It breaks my heart every time I see it. A morning scroll through my newsfeed only to find a GoFundMe posting for funeral services of someone I knew in high school. Sometimes it’s drugs, other times, suicide. Tragedies that could’ve been avoidable. People taken too young, too fast, too soon.
Every time I see their faces, I think back to what I may have thought of them in high school. Was I mean? Did I make fun of them behind their back? Did I avoid them? Was I nice? After all these years, I can’t really remember. Though I know I did my best to treat people with kindness and respect, it’s possible I joined in on the judgments or comments others around me made.

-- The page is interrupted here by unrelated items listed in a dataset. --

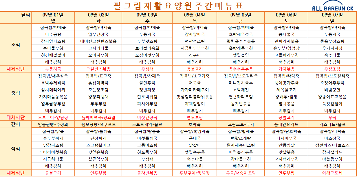 9월 1주 식단표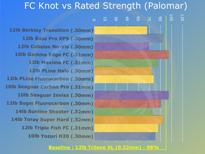 KS vs Rated Strength: Comparing knot strength to actual, rated strength with our Trilene XL reveals a 98% value. Using this comparison with our entire test lot, revealed only five out of our fourteen test subjects recorded average breaking strengths of ninety percent or more. In fact, two recorded values below 80%. One of our lines, Seaguar Carbon Pro, was absent from this test all together as we ran out of line by the time we reached this segment of our tests.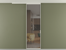 Во всех алюминиевых перегородках, независимо от типа установки, используется компланарный раздвижной механизм, благодаря которому декоративная крышка и полотно находятся в одной плоскости.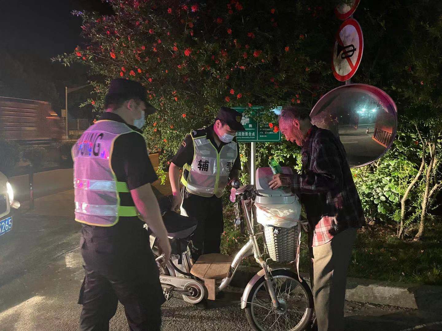 當天20:46,宗保車(chē)巡隊員接到金橋派出所綜合指揮室發(fā)出的“金穗路1268號門(mén)口,有一位90歲老爺爺騎電瓶車(chē)迷途的警情”,便第一時(shí)間趕到現場(chǎng)。經(jīng)了解,老爺爺下午騎車(chē)從家里出來(lái)辦事,因天黑再加上年紀大,忘記了回家的路。但值得慶幸的是,老爺爺記得自己所住小區的名字。

As a young person in high school, there is enough going on in life. It’s a huge transitional stage and dealing with school in general is enough work. Trying to make lasting friendships, prepare for college, find out who you want to be — it’s exhausting and we are all lucky if we make it out without any major bruises. But to battle with something greater than that at the same time? I couldn’t imagine. And not only that, but to continue having to battle it in the adult world.
It pains me. Sometimes, I think if I had known them better I could’ve helped. But even those who do everything right can still end up traveling down a dark path.
Mental health is a growing concern in this country. Illnesses such as depression, bipolar disorder, and schizophrenia affect more than 43 million Americans. Only a small percentage will seek out professional help to challenge their demons (National Alliance on Mental Illness, 2015). The proof is right there and yet a majority of people still scoff at those less fortunate than they are. They laugh at the girl sitting by herself. They tease the boy who can’t adjust easily. They avoid the homeless person who is trying to stay alive. They judge. That’s all we know how to do in this country. Judge. Look at someone, make assumptions based off stereotypes, and decide that everything we think is 100 percent accurate.
The problem is, we don’t know that. We don’t know what anyone else is going through. Sometimes, we don’t even know what our best friend, cousin, brother or mother is going through. Even if we did, their description and emotions would be concepts we just can’t grasp.
Mental illnesses don’t discriminate based on socioeconomic status, gender or race. It can befall anyone, for any reason, at any time, and they’ll hide it. They’ll hide it because they know our society thinks they don’t matter. We’ve been telling them that for years. Weird. Crazy. Odd. Quiet. Not normal. And we judge. We judge so much that they are unable to beat what seems inevitable to some of them.
Do yourself a favor today — better yet, do the person sitting next to you a favor today — and look in the mirror. Think back to your worst day, whether it was from depression, over the loss of a job, or mania from a significant other cheating. Whatever it was, just take yourself back to that moment.
Do you remember what your face looked like? When you looked in the mirror and saw someone you didn’t recognize? Perhaps your eyes were sunken in and puffy from your tears. Perhaps you had a face full of makeup, trying to hide your ills with a forced smile. Do you remember being afraid that your eyes would give it away? Turning with turmoil that was buried deep inside you, you could tell, but could others?
We’ve all had a day. A day where our baggage needed to be hidden and where our emotions needed to be subdued. But we could do it; it was just one day. For some, it’s not just one day. It’s not two days or a few days, not a week or even a month. It’s every single day. A mental battlefield every single day, possibly for your whole life. And when you impose your judgments and sneer at their faces, you undoubtedly make those days longer, harder, and you contribute to the loss of hope.
You can’t always see mental illness, but that doesn’t mean it doesn’t have a face. Change your attitudes toward others around you. A smile of understanding on your face can help save the depression on theirs.